CellO icon indicating copy to clipboard operation
CellO copied to clipboard

KeyError in scanpy_cello(); most specific cell type not created

Open phjanssen opened this issue 2 years ago • 2 comments

Hi, Thank you for developing this very useful tool! We encountered an error while trying to classify our cells with a pre-trained model. The prediction itself seems to work and we get the binary and probability output for the ontology terms added to the adata object if we set term_ids=True, however the selection of the 'most specific cell type' fails with an KeyError and the conversion to readable terms does also not work (no output at all if term_ids=False). Any ideas why this could happen and how to fix it? Thanks in advance, Laura and Philipp

The command:

cello.scanpy_cello(
    adata, 
    'clusters',
    cello_resource_loc, 
    model_file=f'{model_prefix}.model.dill',
    term_ids=True
)

Output:

Found CellO resources at '/data/home/EBgrant/scRNA_run1/analysis/Laura/CellO/resources'.

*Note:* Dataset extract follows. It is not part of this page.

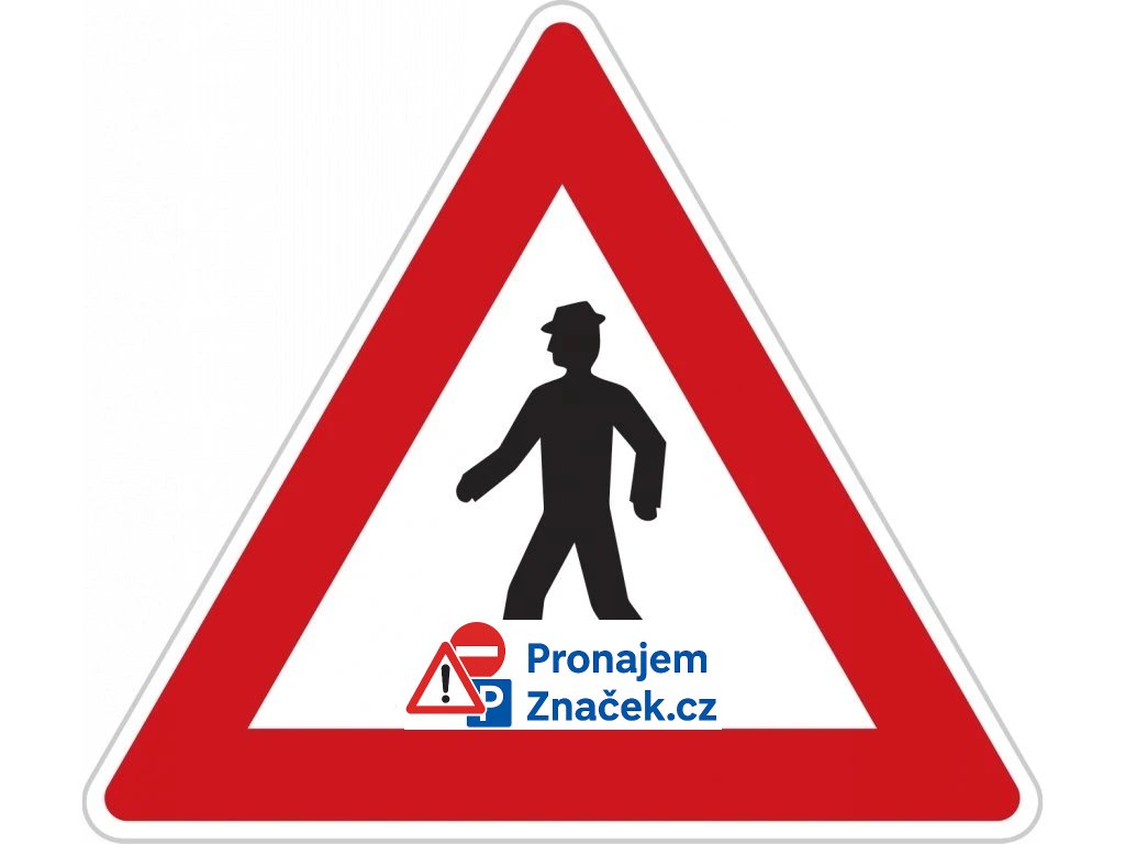 Dopravní značka A12a Chodci upozorňuje na místo pro přecházení nebo úsek pozemní komunikace se zvýšeným výskytem pohybu chodců po krajnici nebo okraji vozovky.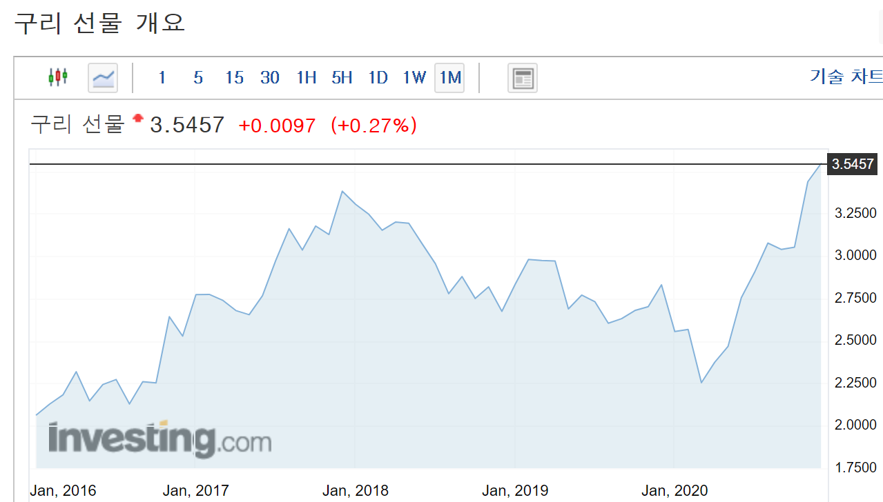 >> 원유에만 해당 되는 얘기가 될 수 있지만... 다른 원자재들도 향후 상당 기간 어려운 흐름이 이어질 수 있다.(구리 가격에 대해서 한 번 찾아봤는데... 책에서는 어려운 흐름이 이어질 수 있다고 했지만 아래 차트를 보면 코로나 이후 엄청나게 올랐다.)

Variable names are not unique. To make them unique, call `.var_names_make_unique`.

Transforming with PCA...
done.
Making predictions for each classifier...
Running solver on item 1/19...
Running solver on item 2/19...
Running solver on item 3/19...
Running solver on item 4/19...
Running solver on item 5/19...
Running solver on item 6/19...
Running solver on item 7/19...
Running solver on item 8/19...
Running solver on item 9/19...
Running solver on item 10/19...
Running solver on item 11/19...
Running solver on item 12/19...
Running solver on item 13/19...
Running solver on item 14/19...
Running solver on item 15/19...
Running solver on item 16/19...
Running solver on item 17/19...
Running solver on item 18/19...
Running solver on item 19/19...
Checking if any pre-trained model is compatible with this input dataset...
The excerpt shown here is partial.